We have already seen this shift happen in one country in Asia - Korea. There, those who fought, and indeed those who were widowed, in Korea’s war in the early 1950s are now at retirement age and have medical and housing bills to pay. This has meant the stock market, which facilitated the drive for industrial growth in the 1980s and 90s, has given way to the need for extra income – and those high-growth companies of 20-30 years ago now pay for this in terms of dividends to the state’s coffers. Going forward, we expect Korea’s National Pension Service's, the largest investor in the Korean stock market, adoption of its 2018 stewardship code to be a key driver for corporate governance reform and increased dividend payments that at least meet regional standards.

The same trend happened in Singapore, albeit for different reasons, but the result is identical: Singapore is now one of the highest dividend payers in Asia. And the trend is only set to continue. The demographic shift in Korea will likely be mirrored in China and elsewhere in Asia, so we think the idea of Asia being the centre of the dividend paying world should continue.

What makes a good dividend stock

Not all stocks pay dividends. To start with, it is true many corporates in Asia are still in the high-growth phase and they want to redeploy their capital back into the business to spur future growth. In this case, investors have to rely on a gain in the stock price to realise profit.

However, if Asia is so packed with good dividend payers, what follows is a rather obvious question: what makes a good dividend paying stock in Asia?

To start with, investors should look for sustainable earnings growth. This means a company with a steady revenue stream from ongoing operations. For this, utility companies are often cited as good examples, and this is the case in Asia too.

Second, balance sheet strength. This has multiple layers and requires a “deep dive” into the company’s accounts. Investors should question whether the company’s short-term assets can pay off its short-term liabilities; or does the company carry excess debt compared to its equity. A dividend paying stock generally has high cash and low debt levels, and/or low capex levels. This isn’t set in stone of course, and investors need to be careful not to write off investing in a company because of a one-off item, but one should always investigate whether the dividend payment is sustainable over time.

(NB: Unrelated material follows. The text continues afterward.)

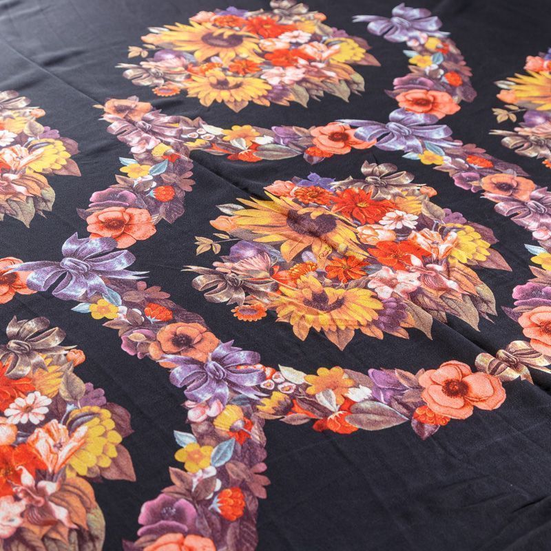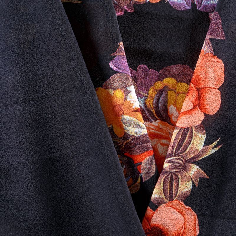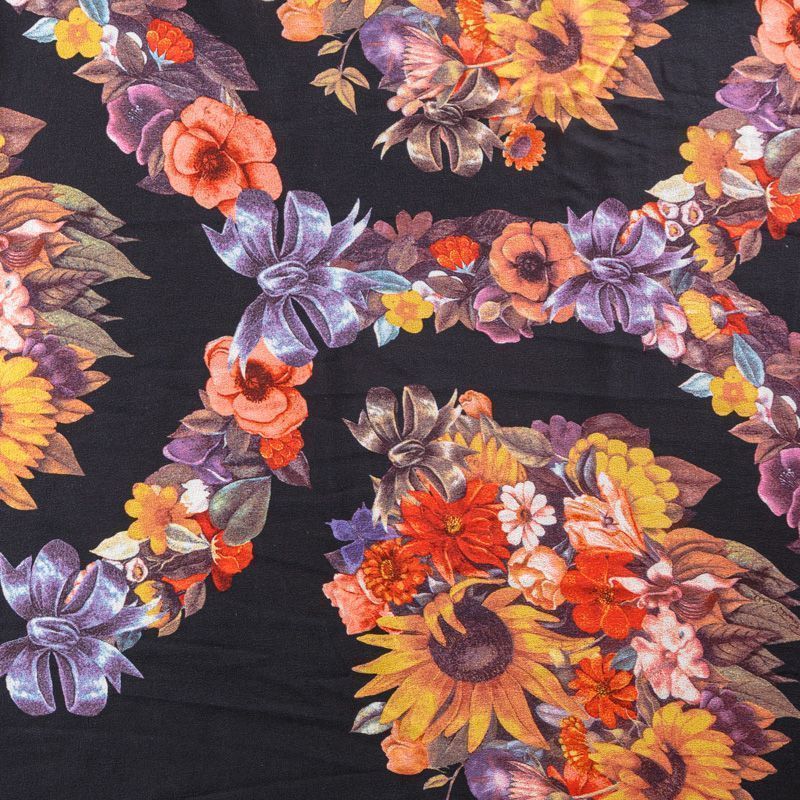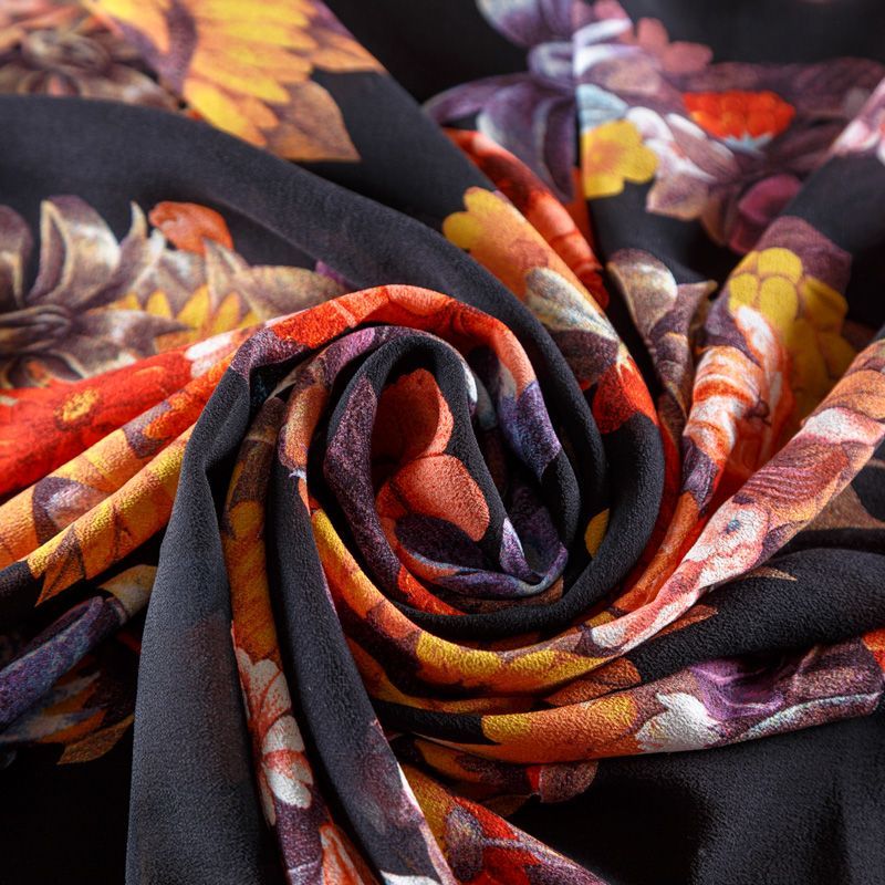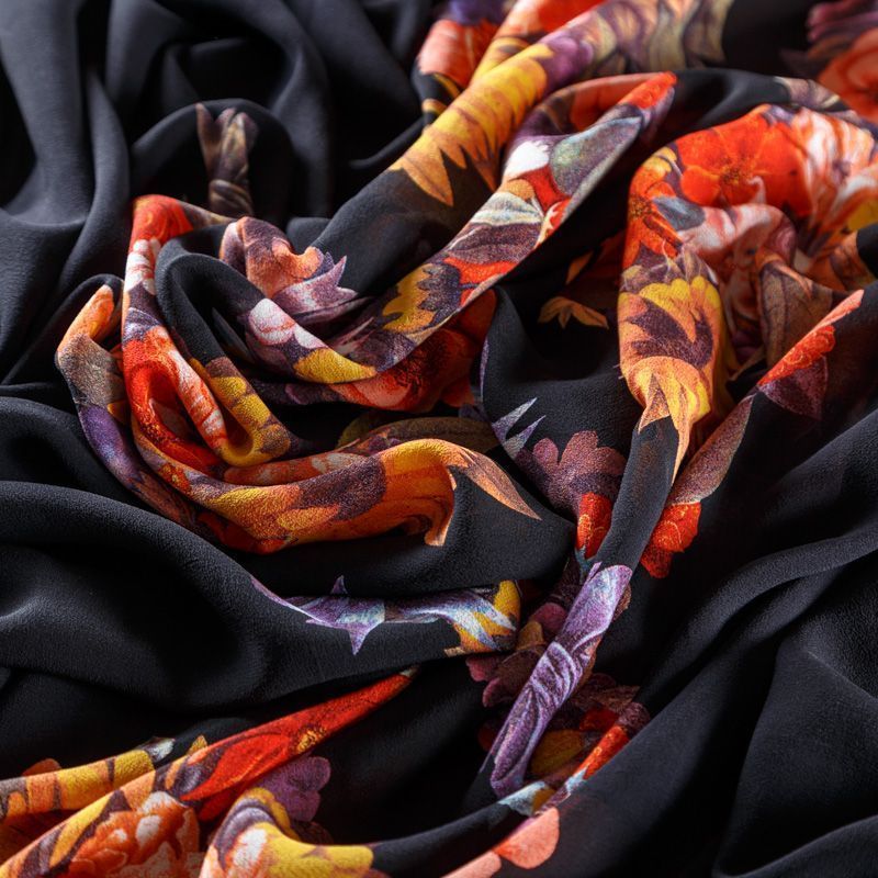 Крепдешин натуральный К29-785 черный принтованный в Салехарде

And for that, it needs to have a strong and stable balance sheet.

The third point follows from this: a company generally has to have a strong free cashflow yield. This means the company can generate regular sales that puts cash in the bank and is not reliant on other balance sheet assets such as ‘intangibles’ on a strong brand, or long payment deferrals that could cause a fluctuation on the cash line.

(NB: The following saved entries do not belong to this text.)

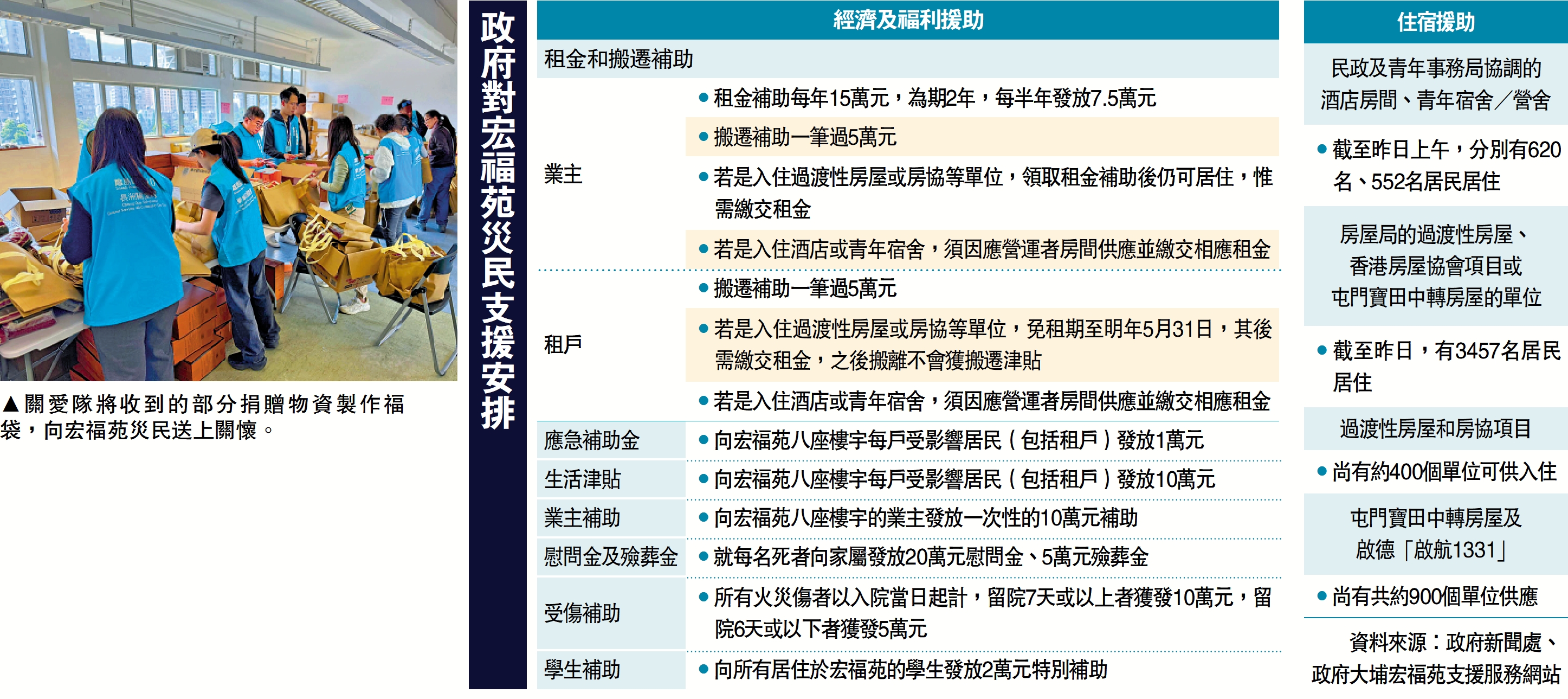 特區政府持續支援大埔宏福苑受災居民,政務司副司長卓永興昨日宣布兩項新措施,分別是向宏福苑業主每年發放15萬元租金補助,為期2年(合共30萬元),與一次性的5萬元搬遷補助,以及向宏福苑租戶發放一次性的5萬元搬遷補助。有關補助將於下周一(22日)開始,透過社會福利署「一戶一社工」機制發放。
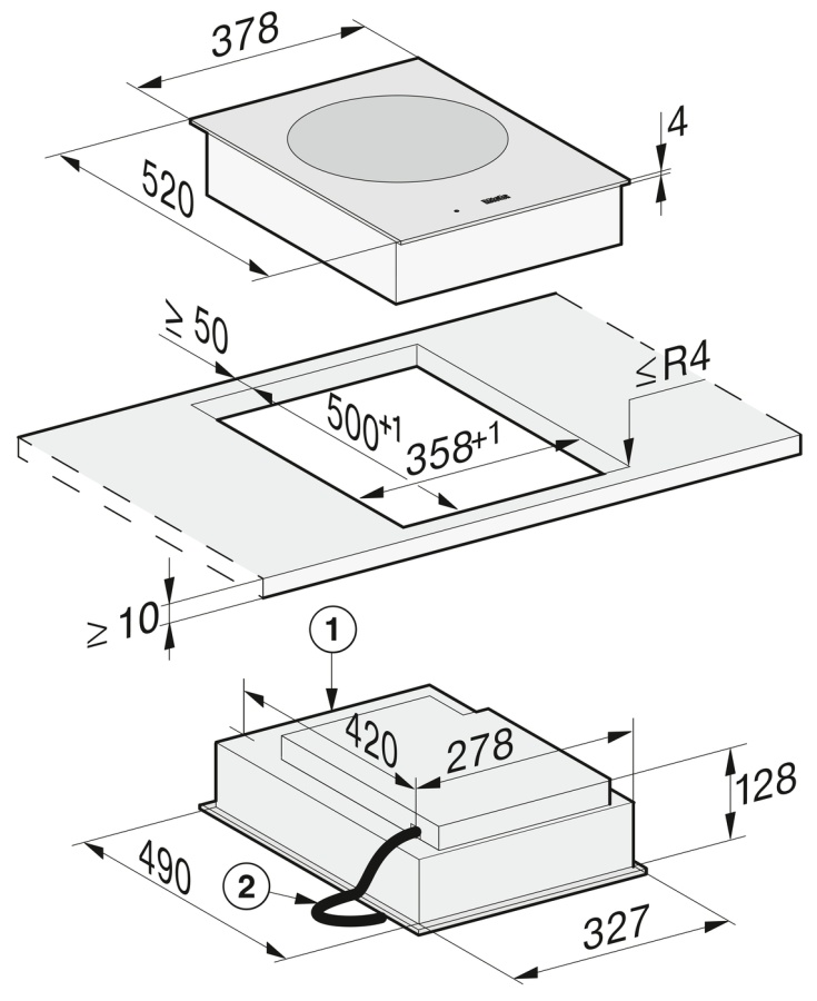 Характер огранки фаски на внешней стороне варочной панели. Металлические рамки предотвращают забивание монтажных швов крошками и пылью.
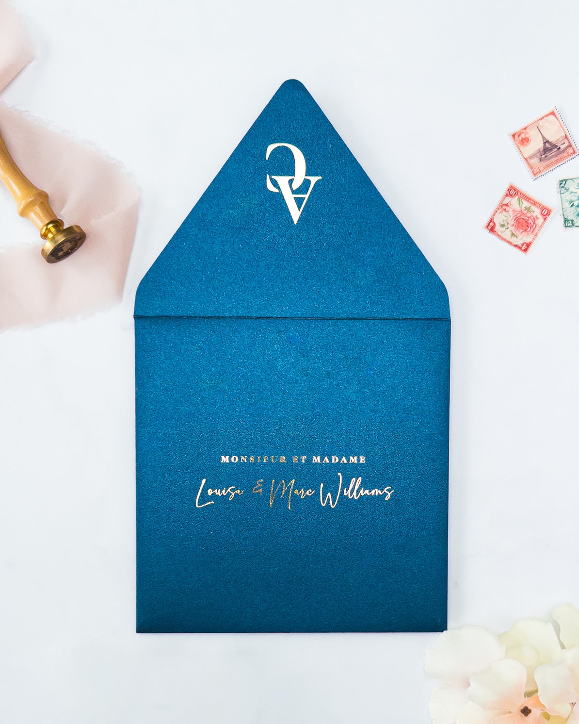Nos enveloppes chics et élégantes, sont entièrement faites à la main avec amour et soin. Laissez-nous éblouir vos invités pour votre grand jour !

Fourth, does the company have a good track record of increasing dividend payments? If so, it would be a strong candidate to continue to be so in the future too. And conversely of course, if a company has a record of cutting dividends, investors should be extremely diligent in their investigations into why it was forced to make those cuts.

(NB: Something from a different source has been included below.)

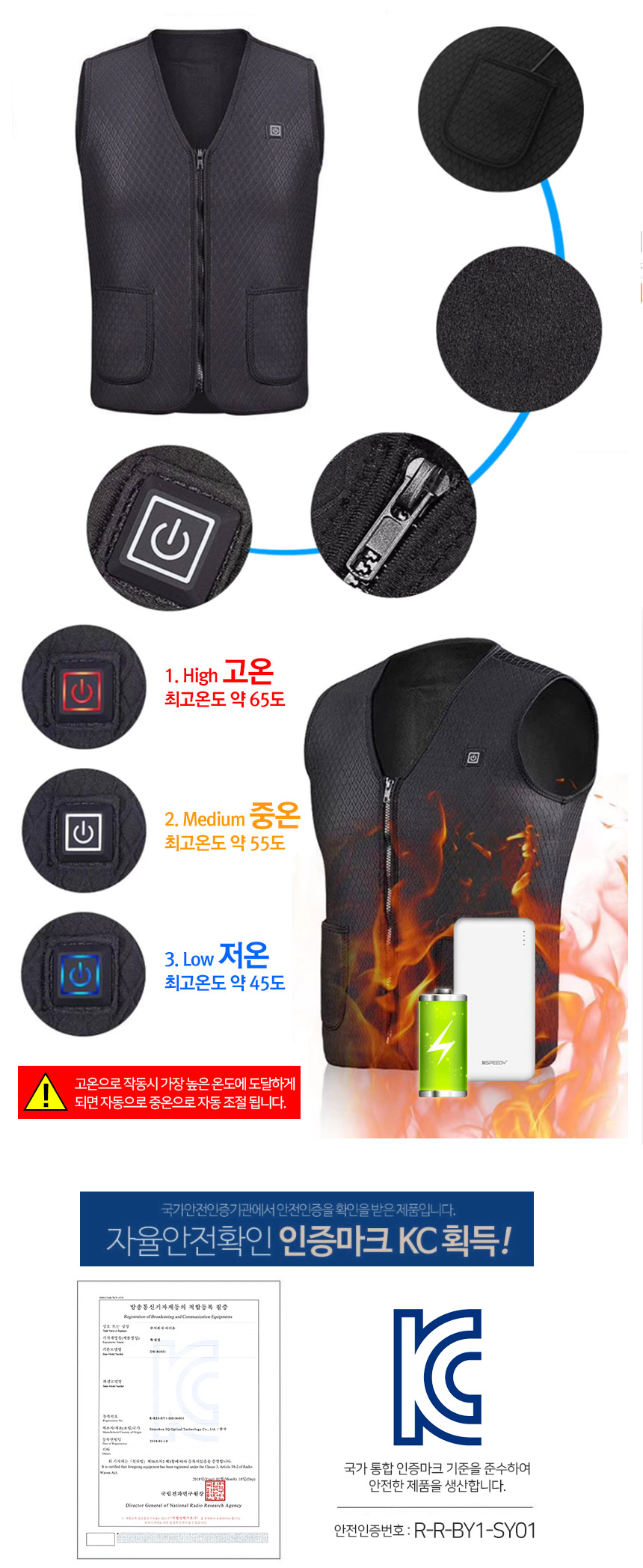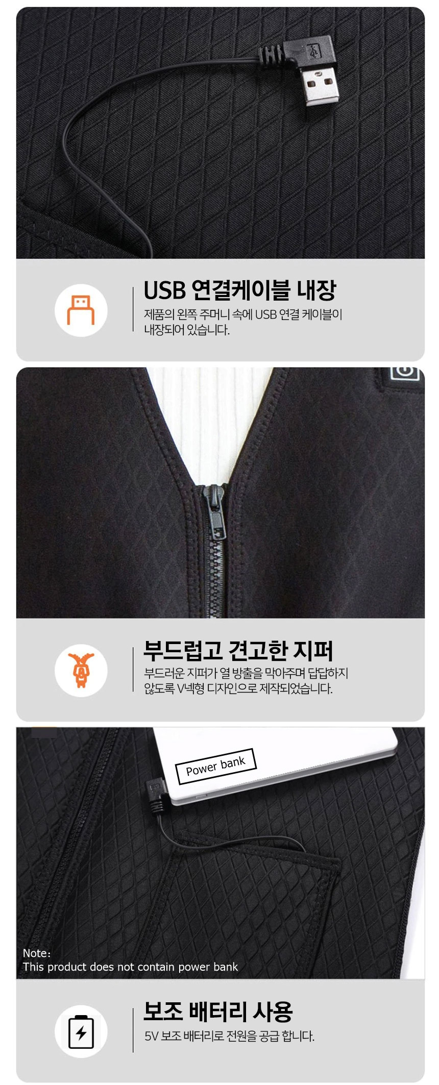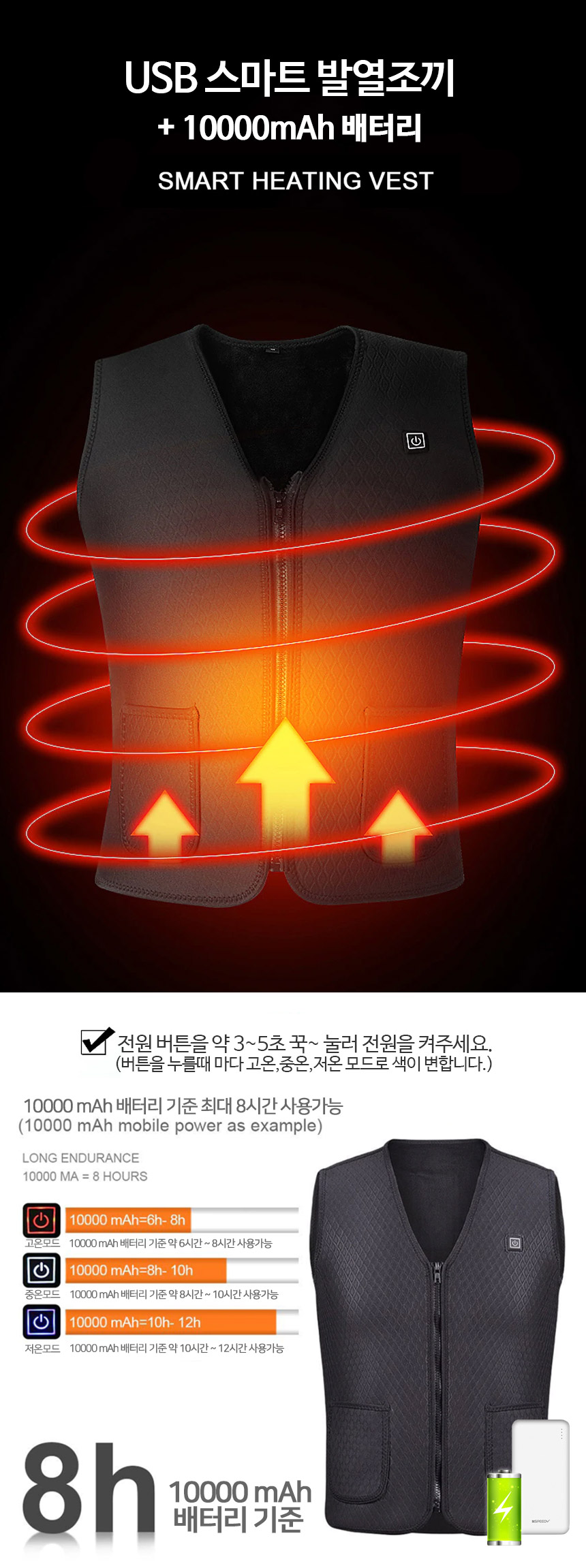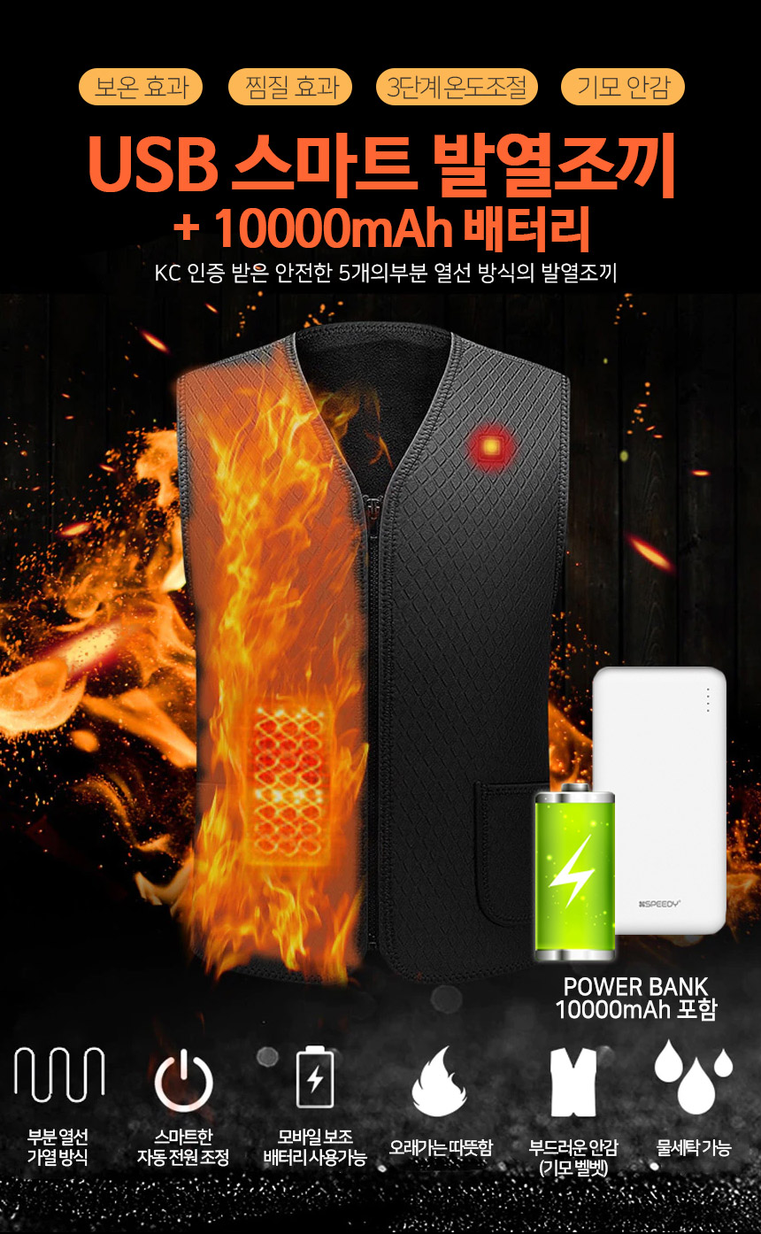 USB 3단조절 스마트 발열조끼 + 10000mAh 보조배터리

Inevitably, certain types of stocks lend themselves to being good dividend payers. Utility or telecom stocks have a steady cash income, are mature companies with an often-long track record of dividend payments, and predictable (within reason) capex. Banks and insurance companies too can have fairly steady income streams which make dividend payments steady, if not always spectacular, while property stocks also have consistent revenue income from tenants.

But there are less obvious good dividend payers in the Asian markets that investors may not realise. Industrial groups such as Sinopec or China Merchants Port have a good track record of dividend yields above 5%; and Tech Hardware companies such as Catcher, Lenovo and Samsung Electronics also have established track records of paying at or above benchmark yields.

Both these sectors are not traditional yield-paying ones but here in Asia, they go to prove the point that if investors dig just a little, they’ll find plenty of good dividend payers.